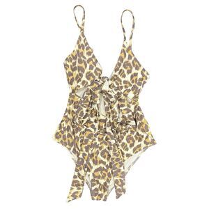 AERIE Leopard Wrap One Piece Swimsuit Full Coverage Womens XS Padded Wireless
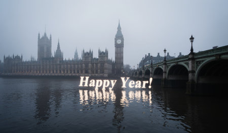 The iconic skyline of London is shrouded in mist as the New Year arrives. Big Ben stands tall beside historical buildings, reflecting in the calm Thames waters, creating a serene atmosphere.
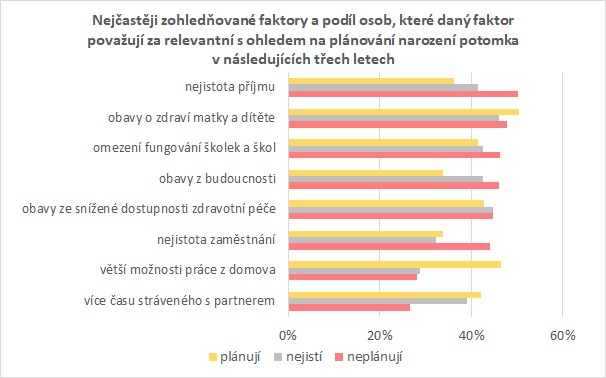 Nedávná zahraniční studie (Luppi et al. 2020. The impact of COVID-19 on fertility plans in Italy, Germany, France, Spain and UK. Demographic Research. 43) ukázala, že tyto reprodukční plány jsou ovlivněny nejen standardními charakteristikami jako jsou věk, vzdělání či ekonomická situace, ale může na ně mít vliv i horší pandemická situace v regionu, což se potvrdilo například v Německu. Zde jedinci žijící v regionech, které byly více zasaženy pandemií, od svých reprodukčních plánů častěji zcela upustili oproti těm jedincům z regionů, kde pandemie měla mírnější průběh. Na druhou stranu se ale také ukázalo, že jiní lidé mohli pandemii naopak vnímat jako vhodný čas pro početí dítěte s ohledem na skutečnost, že možnosti trávení času se omezily a výhled do budoucnosti je stále do značné míry nejistý.
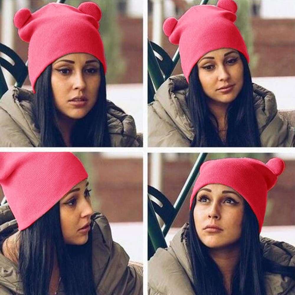Женская вязанная шапка с ушками (Красный)
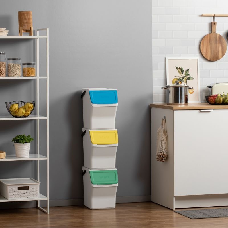Conjunto de 3 ecopontos com tampas coloridas para os diferenciar, da marca Tatay.
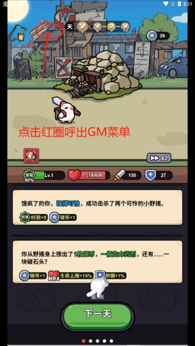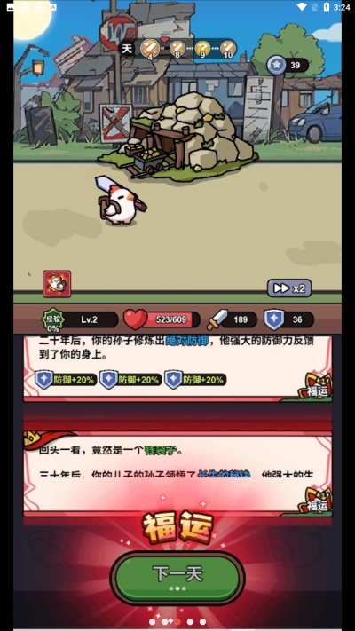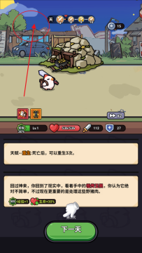 3、然后点击下一天可以推动剧情的发展,每一天都会随机触发不同的事件。
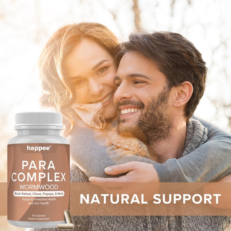 Happee ParaComplex Intestinal Guard for Humans with Wormwood Black Walnut Cloves Garlic & More C Complete Herbal Cleanse for Gut Health & Digestive Balance C 60 Capsules
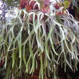 鹿角蕨是鹿角蕨科附生植物,鹿角蕨的叶有二型,营养叶较小,呈圆形、椭圆形或扇形,…
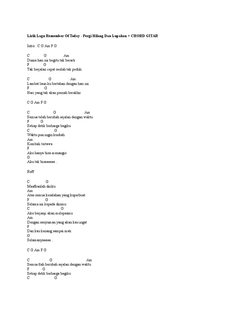 Chord Pergi Hilang Dan Lupakan Remember Of Today Dunia Hari Ini
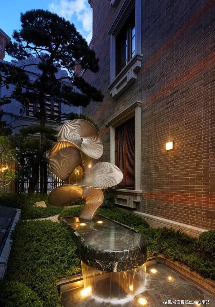 地面延续酒店式落客区海棠纹拼花镶钻,铁打纹工艺,其间还有老石板,青石板,中国黑老石皮,柏坡黄的石皮等原石原面铺装,老石皮从大料里取出,数量少而贵,由此也可看出保利·永兴里在别墅打造上是真舍得,也是真高级。
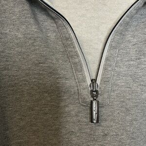 Stylish Gray Quarter-Zip Sweater with White Stitching
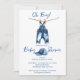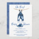 Oh, chá de fraldas azul, jeans modelo convite download digital, jeans bonitinhos de denim de bebê pendurados em uma linha azul jeans boné simples e minimalista convite para chás de fraldas modernos.

*-*-*

Your goal:
In the copy, include exactly the lines from the one with "Happee ParaComplex Intestinal" through the final line of the entries above, both ends counted, and no pictures.

Task answer:
 Happee ParaComplex Intestinal Guard for Humans with Wormwood Black Walnut Cloves Garlic & More C Complete Herbal Cleanse for Gut Health & Digestive Balance C 60 Capsules
 鹿角蕨是鹿角蕨科附生植物,鹿角蕨的叶有二型,营养叶较小,呈圆形、椭圆形或扇形,…
 Chord Pergi Hilang Dan Lupakan Remember Of Today Dunia Hari Ini
 地面延续酒店式落客区海棠纹拼花镶钻,铁打纹工艺,其间还有老石板,青石板,中国黑老石皮,柏坡黄的石皮等原石原面铺装,老石皮从大料里取出,数量少而贵,由此也可看出保利·永兴里在别墅打造上是真舍得,也是真高级。
 Stylish Gray Quarter-Zip Sweater with White Stitching
 Oh, chá de fraldas azul, jeans modelo convite download digital, jeans bonitinhos de denim de bebê pendurados em uma linha azul jeans boné simples e minimalista convite para chás de fraldas modernos.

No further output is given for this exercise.